Divorce and other serial relationships (that point to high degrees of spousal dissatisfaction) end up creating blended and cohabiting households that expose children to nonbiologically related men (primarily stepfathers and live-in boyfriends) [118] who have even fewer reservations about taking liberties with a wife’s or girlfriend’s children. [119] Given the strong association alcohol holds with sexual abuse and how sexual abuse is connected with disgendered kids, what do you suppose marketing director Alissa Heinerscheid, VP of Anheuser Busch, was thinking when she invited Dylan Mulvaney (a disgendered person) to its brand Bud Light by making him their spokesperson?

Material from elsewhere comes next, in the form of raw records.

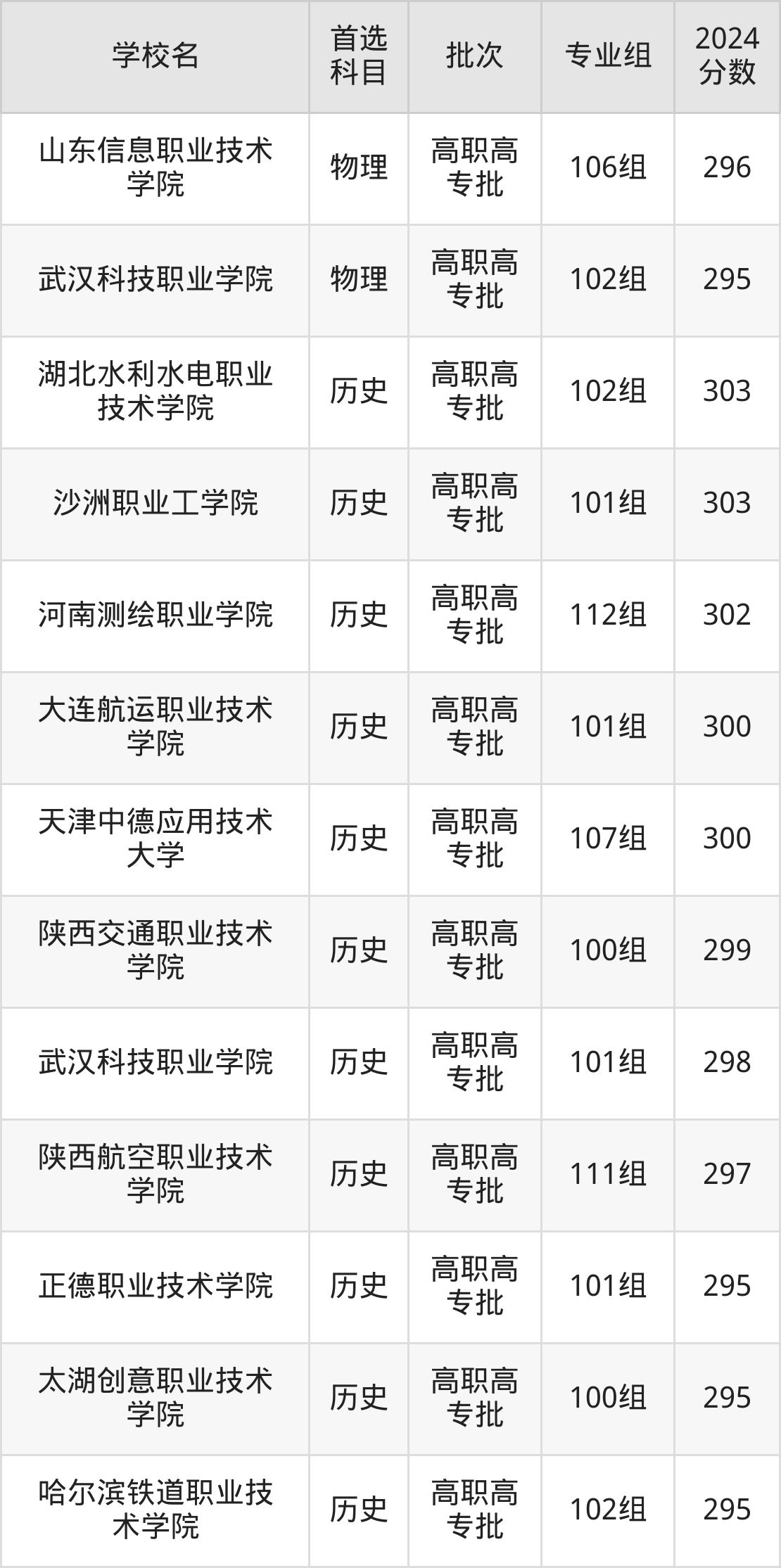 首选历史科目考生能上的有11所,包括1所本科医科大学和10所专科医科大学。具体有:湖北水利水电职业技术学院102组(303分)、沙洲职业工学院101组(303分)、河南测绘职业学院112组(302分)、大连航运职业技术学院101组(300分)等。
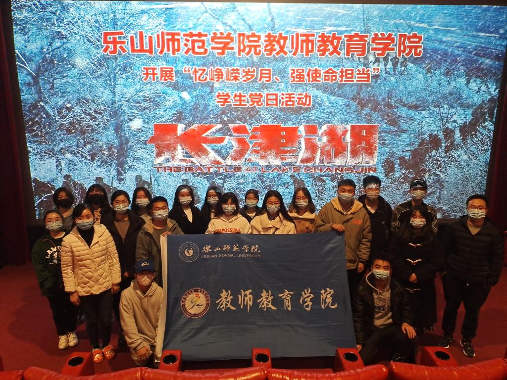 本网讯(文、图/张靖)为创新党史学习形式,激发党员们的爱国热情,教师教育学院于12月5日下午6:30组织部分学生党员代表在蓝山湾UME电影院开展了“忆峥嵘岁月,强使命担当”主题观影活动,集中观看电影《长津湖》。
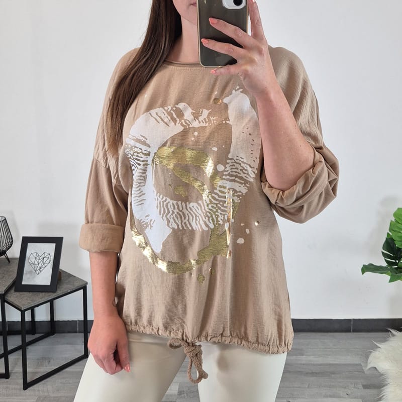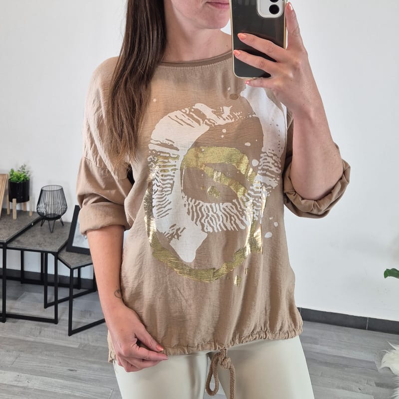 Ženska majica z dolgimi rokavi ali 3/4 rokavi, zavihate jih lahko po želji. Narejena je iz bombaža in viskoze in je prijetna za nošenje. Kroj majice je širši, na spodnjem delu ima vrvico s katero majico oblikujete. Spredaj ima aplikacijo v beli in zlati barvi. Velikost je univerzalna, primerna za velikosti od M do XXL.
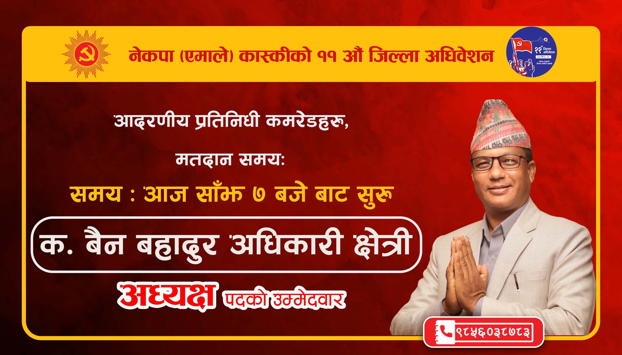 नेकपा एमाले कास्कीको ११ औं जिल्ला अधिवेशनबाट बैनबहादुर अधिकारी क्षेत्री विजयी भएका छन् । उनले निकटम् प्रतिस्पर्धी माधव बास्तोलालाई पराजित गर्दै जित हात पारेका हुन् । अधिकारीले ५५१ मत पाउँदा बास्तोलाले ३४७ मत ल्याएका थिए ।
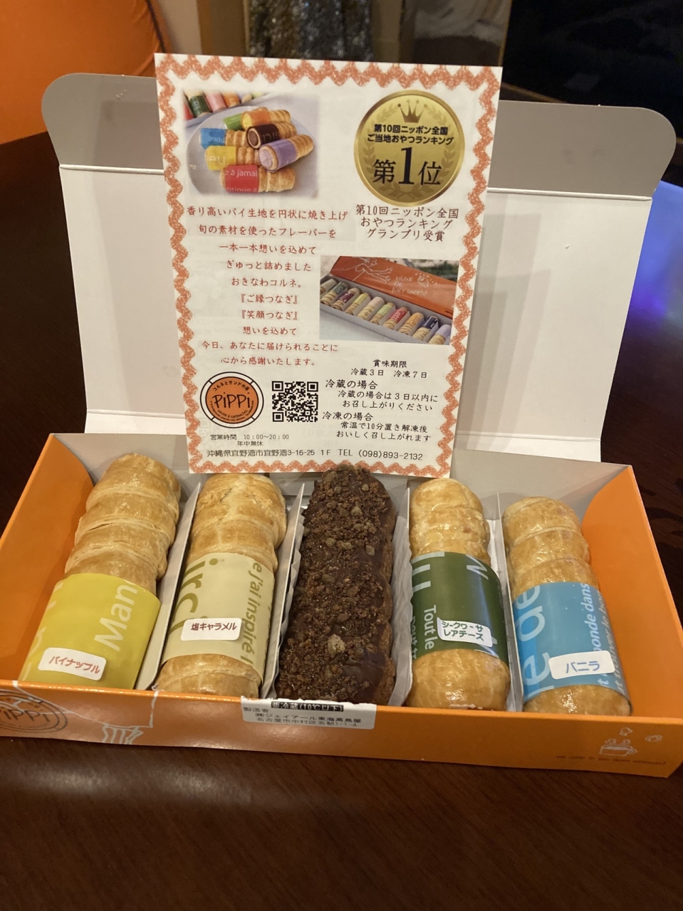 デパートの物産展に出店してました。パイナップルや黒糖など沢山の種類から選べるコルネが大変美味しそうだったので買いました。サクサクの生地の中に詰まったクリームの中にパイナップルの粒が入ったコルネは想像以上に美味しかったです。
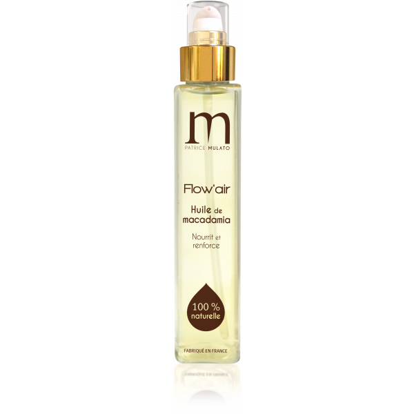 Grâce à sa teneur en acides gras essentiels et à son fort pouvoir de pénétration, l’huile de macadamia Flow’air de Patrice Mulato nourrit intensément la chevelure et régénère la tige capillaire des cheveux secs, abîmés. La richesse de sa texture apporte une nutrition intense et un fini brillant, mais non gras.
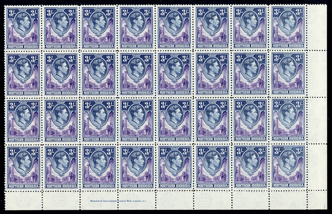 3/- violet and blue lower right corner block of thirty-two (8x4) with imprint, showing guide marks between R.7/5 and R.7/6, and R.9/4 and R.9/5, "t" in Crown R. 8/10 and Tick on left elephant R.10/5, superb unmounted mint
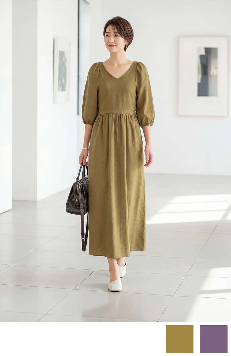【OUTLET】綿麻ボリュームスリーブワンピース
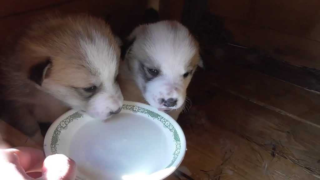 В 1 месяц щенка лайки начинают прикармливать измельченным мясом, кашами, молочными продуктами.
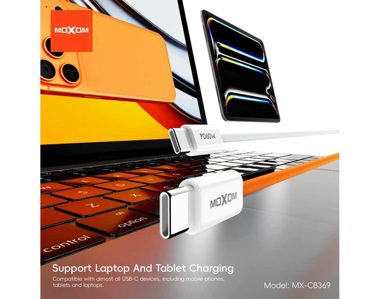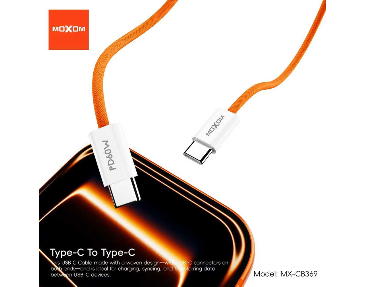USB data kabl MOXOM MX-CB369 pleteni Fast 60W 3A Type-C na Type-C 1m beli (MS)
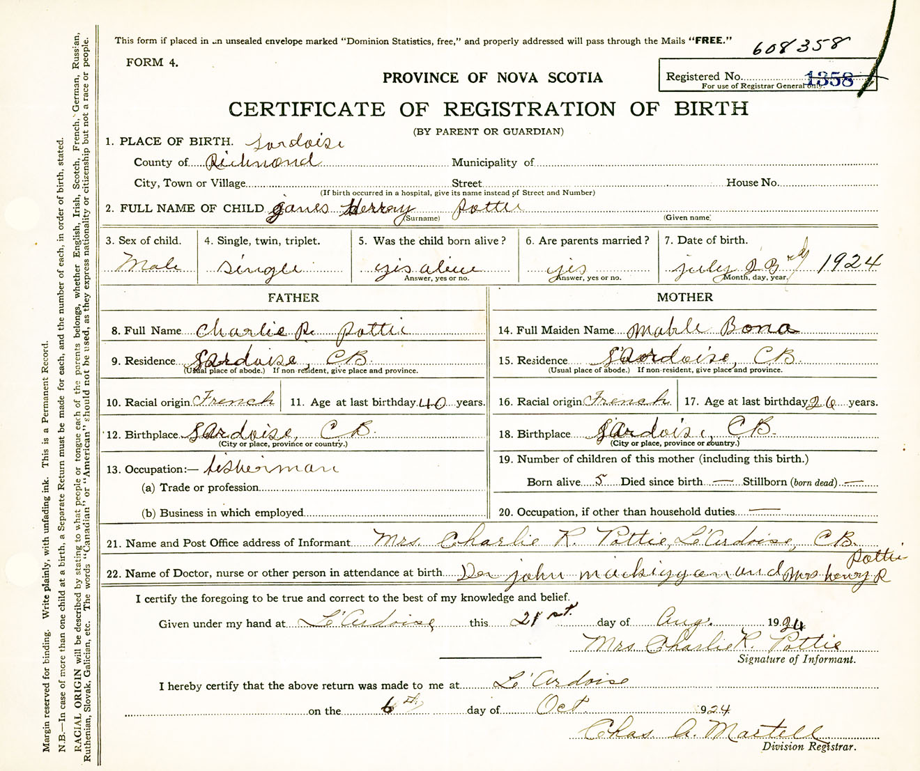 Male Birth Registration: Year: 1924 number: 60800358
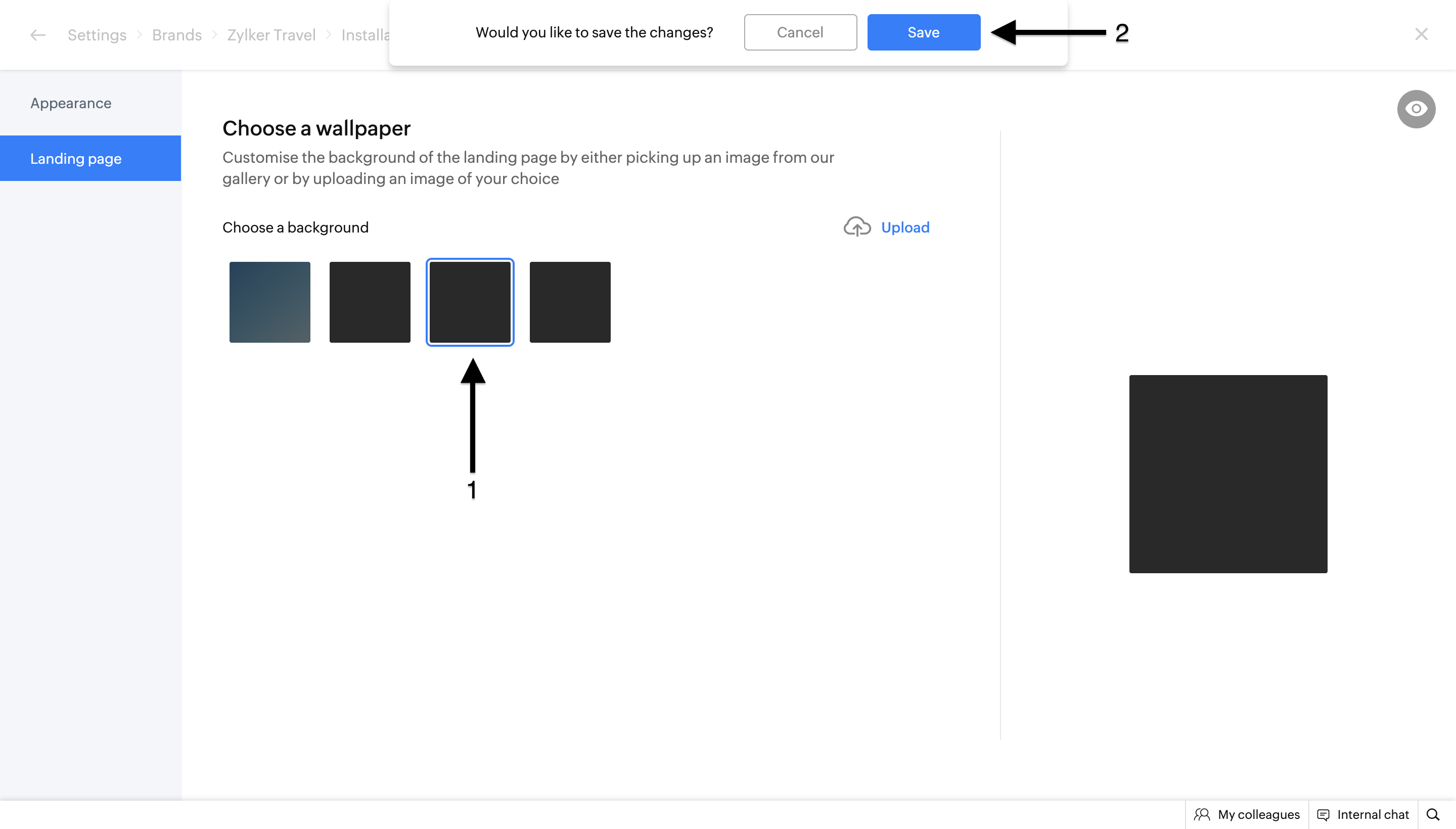 3. Choose a pre-defined signature chat theme or upload your custom theme and click Save.
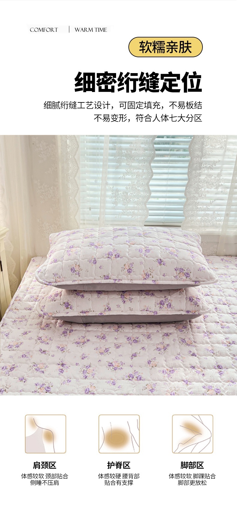 商品名称:梦舒羽 2025新款云感双层纱夹棉枕套宿舍单人枕芯套一对装加厚枕头套 紫薇花园

Now, in light of the connection that alcohol has with disgendered persons, it is quite a great irony that Bud Light the nation’s number one brand of beer would choose a disgendered person to represent them don’t you think? Probably not knowing how the two are connected, it is highly doubtful that Heinerscheid was deliberately promoting the abuse of children and/or an expansion of the LGBTQ+ community of disgendered persons. Instead, she was probably just employing an age-old marketing strategy.

 

Ever since the days of P. T. Barnum who was known as the “greatest showman,” when he introduced The Bearded Lady [120] and through Ripley’s Believe it or Not, the odd, eccentric, or sensational has been exploited by media and marketing specialists to capture audience attention. Drag artist Ru Paul demonstrates that some people are entertained by such illusions. Knowing now how trauma plays a role in the development of a disgendered person, to exploit or make fun of such injured persons for gain is highly unethical. Was Heinerscheid’s marketing faux pax simply playing on a growing mass sympathy for disgendered persons? Or perhaps, was she sending America a subliminal warning of what could happen with continued abuses of its beer?

 

Not only is an inclusive and affirming marketplace dangerous to families, individuals, and corporations who stand to lose revenue due to public boycotts but there are also risks to other public entities as well. Cities, towns, governmental municipalities, local police, and fire departments who support Pride events, parades, and celebrations are also exposing themselves to liability. The risk for them has to do with precedent. By celebrating pride events private and public entities are unwittingly supporting the unhealthy coping of the disgendered. By doing so, wouldn’t other groups who have their own specific brand of coping also deserve recognition, affirmation, and social inclusion? Would that mean that in a sense of fair play, the community will need to stand outside of the nation’s bars, pubs, and taverns to cheer on those who cope with alcohol as they stagger out at 3:00 a.m.? Do drug dealers deserve a pat on the back for peddling fentanyl-laced methamphetamine to those who use it to cope? What about the prostitute or pornographer who satisfies the coping of those with sexual addictions? Wouldn’t they also need a round of applause to ease their social stigmatization? Perhaps we should have a party in the public square for all of the pedophiles who use children as a form of coping with their mental disease. That would be ridiculous don’t you think? And to do so would be reckless as it affirmed something harmful. The point is that not every behavior can be socially accepted. Some things must be discriminated against because of harm to self and others. Even though unhealthy coping has always existed and will never be extinguished does that mean it should be endorsed and promoted? Should we celebrate a person’s unhealthy reaction to their trauma? That would seem counterintuitive and unethical at best not to mention callous and insensitive to what they truly need. Regardless of the role that beer and alcohol play in the proliferation of family problems, as only one form of unhealthy coping leveling blame solely against it still does not go deep enough to explain the deepest roots of the family’s ills.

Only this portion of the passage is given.